Write each line below back out exactly, omitting its pictures.

══ SUPPLIED MATERIAL ══

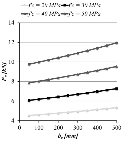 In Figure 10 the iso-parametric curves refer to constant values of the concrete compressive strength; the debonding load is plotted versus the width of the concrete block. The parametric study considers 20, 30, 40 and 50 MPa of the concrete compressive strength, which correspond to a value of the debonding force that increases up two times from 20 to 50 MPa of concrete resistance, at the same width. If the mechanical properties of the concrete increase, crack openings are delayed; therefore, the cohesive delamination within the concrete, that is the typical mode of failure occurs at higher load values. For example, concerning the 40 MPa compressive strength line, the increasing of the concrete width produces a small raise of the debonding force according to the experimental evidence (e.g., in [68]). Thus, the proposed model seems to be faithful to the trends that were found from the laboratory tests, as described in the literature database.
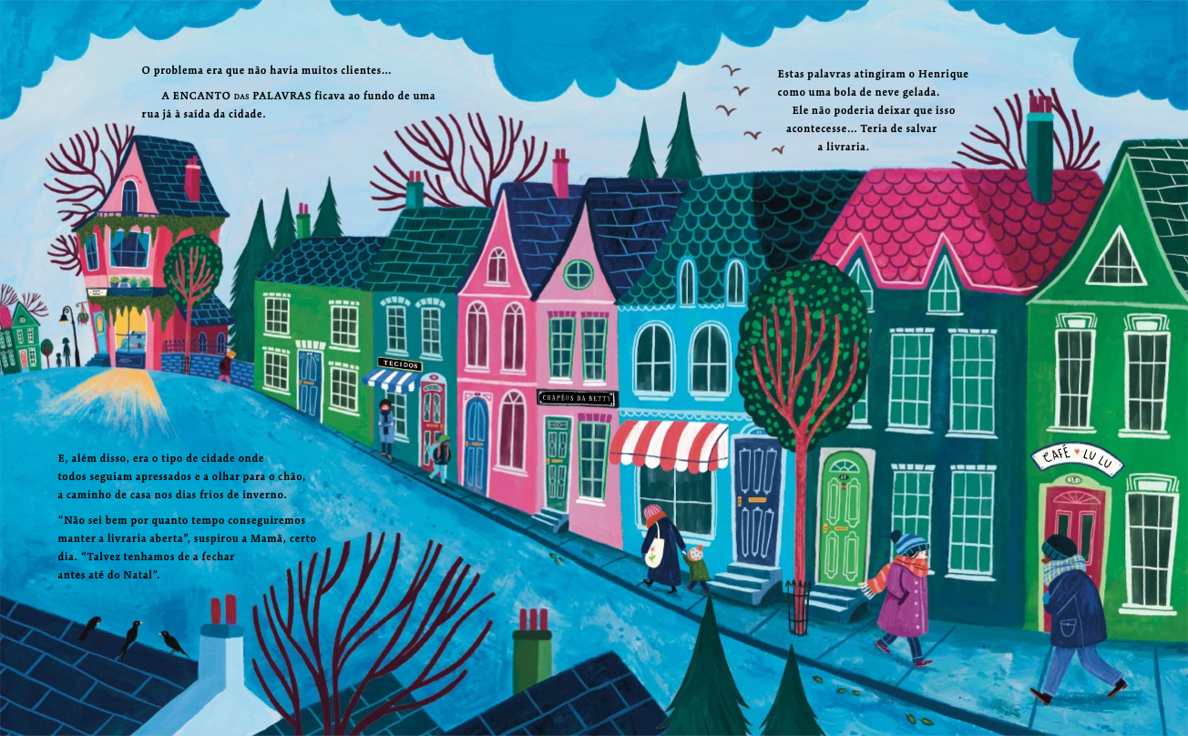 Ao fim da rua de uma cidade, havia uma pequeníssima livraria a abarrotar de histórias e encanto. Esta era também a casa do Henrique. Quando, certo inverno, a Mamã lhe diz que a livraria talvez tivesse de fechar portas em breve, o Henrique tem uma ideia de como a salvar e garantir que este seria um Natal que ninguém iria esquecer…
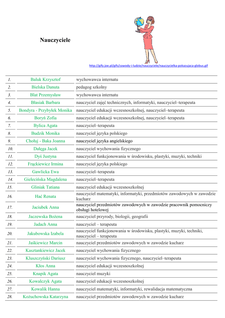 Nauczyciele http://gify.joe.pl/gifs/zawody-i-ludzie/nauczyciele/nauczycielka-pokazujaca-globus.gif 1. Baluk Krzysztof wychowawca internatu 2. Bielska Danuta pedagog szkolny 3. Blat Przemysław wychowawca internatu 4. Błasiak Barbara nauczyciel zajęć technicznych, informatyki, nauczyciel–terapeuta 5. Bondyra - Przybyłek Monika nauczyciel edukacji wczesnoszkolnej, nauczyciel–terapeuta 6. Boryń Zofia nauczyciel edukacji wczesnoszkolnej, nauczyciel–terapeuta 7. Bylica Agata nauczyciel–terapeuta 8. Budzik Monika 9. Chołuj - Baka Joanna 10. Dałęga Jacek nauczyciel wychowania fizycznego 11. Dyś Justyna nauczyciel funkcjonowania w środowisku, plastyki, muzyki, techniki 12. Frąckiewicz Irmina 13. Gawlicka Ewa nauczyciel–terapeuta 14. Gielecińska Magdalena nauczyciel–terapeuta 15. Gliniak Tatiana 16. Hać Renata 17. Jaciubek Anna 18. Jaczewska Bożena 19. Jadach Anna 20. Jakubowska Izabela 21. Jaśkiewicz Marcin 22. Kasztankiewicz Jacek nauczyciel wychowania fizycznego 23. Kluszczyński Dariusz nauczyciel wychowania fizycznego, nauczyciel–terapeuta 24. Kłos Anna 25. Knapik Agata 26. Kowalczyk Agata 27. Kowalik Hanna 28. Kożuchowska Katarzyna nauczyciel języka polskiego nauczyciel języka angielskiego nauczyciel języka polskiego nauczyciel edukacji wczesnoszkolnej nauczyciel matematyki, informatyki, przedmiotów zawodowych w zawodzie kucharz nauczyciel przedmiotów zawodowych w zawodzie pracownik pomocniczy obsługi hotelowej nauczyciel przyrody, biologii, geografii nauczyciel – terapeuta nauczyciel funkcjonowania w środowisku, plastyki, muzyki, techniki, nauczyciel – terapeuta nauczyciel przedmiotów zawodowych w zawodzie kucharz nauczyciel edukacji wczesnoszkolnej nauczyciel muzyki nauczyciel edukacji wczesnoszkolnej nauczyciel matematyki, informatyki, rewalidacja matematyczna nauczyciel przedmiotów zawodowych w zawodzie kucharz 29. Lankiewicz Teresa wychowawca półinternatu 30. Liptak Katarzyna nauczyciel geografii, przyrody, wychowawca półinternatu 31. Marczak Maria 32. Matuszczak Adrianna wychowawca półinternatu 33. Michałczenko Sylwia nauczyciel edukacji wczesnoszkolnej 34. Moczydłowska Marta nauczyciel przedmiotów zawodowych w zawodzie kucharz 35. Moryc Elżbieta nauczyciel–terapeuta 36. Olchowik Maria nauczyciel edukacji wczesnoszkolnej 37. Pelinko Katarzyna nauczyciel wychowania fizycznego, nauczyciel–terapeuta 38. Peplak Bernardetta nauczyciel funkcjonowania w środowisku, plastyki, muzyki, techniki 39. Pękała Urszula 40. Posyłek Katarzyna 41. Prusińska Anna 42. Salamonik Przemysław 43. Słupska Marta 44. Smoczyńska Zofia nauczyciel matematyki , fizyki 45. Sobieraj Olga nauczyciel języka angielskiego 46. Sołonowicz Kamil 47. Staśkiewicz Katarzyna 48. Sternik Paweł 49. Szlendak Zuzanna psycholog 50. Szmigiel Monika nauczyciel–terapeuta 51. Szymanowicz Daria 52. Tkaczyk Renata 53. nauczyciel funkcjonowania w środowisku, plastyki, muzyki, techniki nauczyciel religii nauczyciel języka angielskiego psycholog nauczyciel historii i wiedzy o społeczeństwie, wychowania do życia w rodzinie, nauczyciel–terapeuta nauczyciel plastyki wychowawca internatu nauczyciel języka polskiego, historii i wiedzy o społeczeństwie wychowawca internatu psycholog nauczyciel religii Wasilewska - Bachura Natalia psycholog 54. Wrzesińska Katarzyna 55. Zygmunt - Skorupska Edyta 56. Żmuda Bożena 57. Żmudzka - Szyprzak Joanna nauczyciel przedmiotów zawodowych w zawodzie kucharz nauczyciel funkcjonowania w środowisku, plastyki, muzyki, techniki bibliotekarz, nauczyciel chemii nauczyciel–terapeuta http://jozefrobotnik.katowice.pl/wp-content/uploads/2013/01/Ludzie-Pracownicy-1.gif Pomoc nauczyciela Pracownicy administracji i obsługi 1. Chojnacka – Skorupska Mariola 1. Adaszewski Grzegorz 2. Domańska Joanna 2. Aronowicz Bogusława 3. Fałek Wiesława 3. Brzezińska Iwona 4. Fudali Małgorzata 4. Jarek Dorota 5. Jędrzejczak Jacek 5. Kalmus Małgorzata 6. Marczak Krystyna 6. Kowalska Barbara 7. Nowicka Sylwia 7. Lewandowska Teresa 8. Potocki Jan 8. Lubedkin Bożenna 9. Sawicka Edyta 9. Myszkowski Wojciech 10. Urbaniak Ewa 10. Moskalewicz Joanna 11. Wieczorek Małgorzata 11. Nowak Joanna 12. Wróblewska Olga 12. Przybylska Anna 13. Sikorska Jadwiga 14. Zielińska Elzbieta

═══

▶ **RESULT OF THE TASK**:
 In Figure 10 the iso-parametric curves refer to constant values of the concrete compressive strength; the debonding load is plotted versus the width of the concrete block. The parametric study considers 20, 30, 40 and 50 MPa of the concrete compressive strength, which correspond to a value of the debonding force that increases up two times from 20 to 50 MPa of concrete resistance, at the same width. If the mechanical properties of the concrete increase, crack openings are delayed; therefore, the cohesive delamination within the concrete, that is the typical mode of failure occurs at higher load values. For example, concerning the 40 MPa compressive strength line, the increasing of the concrete width produces a small raise of the debonding force according to the experimental evidence (e.g., in [68]). Thus, the proposed model seems to be faithful to the trends that were found from the laboratory tests, as described in the literature database.
 Ao fim da rua de uma cidade, havia uma pequeníssima livraria a abarrotar de histórias e encanto. Esta era também a casa do Henrique. Quando, certo inverno, a Mamã lhe diz que a livraria talvez tivesse de fechar portas em breve, o Henrique tem uma ideia de como a salvar e garantir que este seria um Natal que ninguém iria esquecer…
 Nauczyciele http://gify.joe.pl/gifs/zawody-i-ludzie/nauczyciele/nauczycielka-pokazujaca-globus.gif 1. Baluk Krzysztof wychowawca internatu 2. Bielska Danuta pedagog szkolny 3. Blat Przemysław wychowawca internatu 4. Błasiak Barbara nauczyciel zajęć technicznych, informatyki, nauczyciel–terapeuta 5. Bondyra - Przybyłek Monika nauczyciel edukacji wczesnoszkolnej, nauczyciel–terapeuta 6. Boryń Zofia nauczyciel edukacji wczesnoszkolnej, nauczyciel–terapeuta 7. Bylica Agata nauczyciel–terapeuta 8. Budzik Monika 9. Chołuj - Baka Joanna 10. Dałęga Jacek nauczyciel wychowania fizycznego 11. Dyś Justyna nauczyciel funkcjonowania w środowisku, plastyki, muzyki, techniki 12. Frąckiewicz Irmina 13. Gawlicka Ewa nauczyciel–terapeuta 14. Gielecińska Magdalena nauczyciel–terapeuta 15. Gliniak Tatiana 16. Hać Renata 17. Jaciubek Anna 18. Jaczewska Bożena 19. Jadach Anna 20. Jakubowska Izabela 21. Jaśkiewicz Marcin 22. Kasztankiewicz Jacek nauczyciel wychowania fizycznego 23. Kluszczyński Dariusz nauczyciel wychowania fizycznego, nauczyciel–terapeuta 24. Kłos Anna 25. Knapik Agata 26. Kowalczyk Agata 27. Kowalik Hanna 28. Kożuchowska Katarzyna nauczyciel języka polskiego nauczyciel języka angielskiego nauczyciel języka polskiego nauczyciel edukacji wczesnoszkolnej nauczyciel matematyki, informatyki, przedmiotów zawodowych w zawodzie kucharz nauczyciel przedmiotów zawodowych w zawodzie pracownik pomocniczy obsługi hotelowej nauczyciel przyrody, biologii, geografii nauczyciel – terapeuta nauczyciel funkcjonowania w środowisku, plastyki, muzyki, techniki, nauczyciel – terapeuta nauczyciel przedmiotów zawodowych w zawodzie kucharz nauczyciel edukacji wczesnoszkolnej nauczyciel muzyki nauczyciel edukacji wczesnoszkolnej nauczyciel matematyki, informatyki, rewalidacja matematyczna nauczyciel przedmiotów zawodowych w zawodzie kucharz 29. Lankiewicz Teresa wychowawca półinternatu 30. Liptak Katarzyna nauczyciel geografii, przyrody, wychowawca półinternatu 31. Marczak Maria 32. Matuszczak Adrianna wychowawca półinternatu 33. Michałczenko Sylwia nauczyciel edukacji wczesnoszkolnej 34. Moczydłowska Marta nauczyciel przedmiotów zawodowych w zawodzie kucharz 35. Moryc Elżbieta nauczyciel–terapeuta 36. Olchowik Maria nauczyciel edukacji wczesnoszkolnej 37. Pelinko Katarzyna nauczyciel wychowania fizycznego, nauczyciel–terapeuta 38. Peplak Bernardetta nauczyciel funkcjonowania w środowisku, plastyki, muzyki, techniki 39. Pękała Urszula 40. Posyłek Katarzyna 41. Prusińska Anna 42. Salamonik Przemysław 43. Słupska Marta 44. Smoczyńska Zofia nauczyciel matematyki , fizyki 45. Sobieraj Olga nauczyciel języka angielskiego 46. Sołonowicz Kamil 47. Staśkiewicz Katarzyna 48. Sternik Paweł 49. Szlendak Zuzanna psycholog 50. Szmigiel Monika nauczyciel–terapeuta 51. Szymanowicz Daria 52. Tkaczyk Renata 53. nauczyciel funkcjonowania w środowisku, plastyki, muzyki, techniki nauczyciel religii nauczyciel języka angielskiego psycholog nauczyciel historii i wiedzy o społeczeństwie, wychowania do życia w rodzinie, nauczyciel–terapeuta nauczyciel plastyki wychowawca internatu nauczyciel języka polskiego, historii i wiedzy o społeczeństwie wychowawca internatu psycholog nauczyciel religii Wasilewska - Bachura Natalia psycholog 54. Wrzesińska Katarzyna 55. Zygmunt - Skorupska Edyta 56. Żmuda Bożena 57. Żmudzka - Szyprzak Joanna nauczyciel przedmiotów zawodowych w zawodzie kucharz nauczyciel funkcjonowania w środowisku, plastyki, muzyki, techniki bibliotekarz, nauczyciel chemii nauczyciel–terapeuta http://jozefrobotnik.katowice.pl/wp-content/uploads/2013/01/Ludzie-Pracownicy-1.gif Pomoc nauczyciela Pracownicy administracji i obsługi 1. Chojnacka – Skorupska Mariola 1. Adaszewski Grzegorz 2. Domańska Joanna 2. Aronowicz Bogusława 3. Fałek Wiesława 3. Brzezińska Iwona 4. Fudali Małgorzata 4. Jarek Dorota 5. Jędrzejczak Jacek 5. Kalmus Małgorzata 6. Marczak Krystyna 6. Kowalska Barbara 7. Nowicka Sylwia 7. Lewandowska Teresa 8. Potocki Jan 8. Lubedkin Bożenna 9. Sawicka Edyta 9. Myszkowski Wojciech 10. Urbaniak Ewa 10. Moskalewicz Joanna 11. Wieczorek Małgorzata 11. Nowak Joanna 12. Wróblewska Olga 12. Przybylska Anna 13. Sikorska Jadwiga 14. Zielińska Elzbieta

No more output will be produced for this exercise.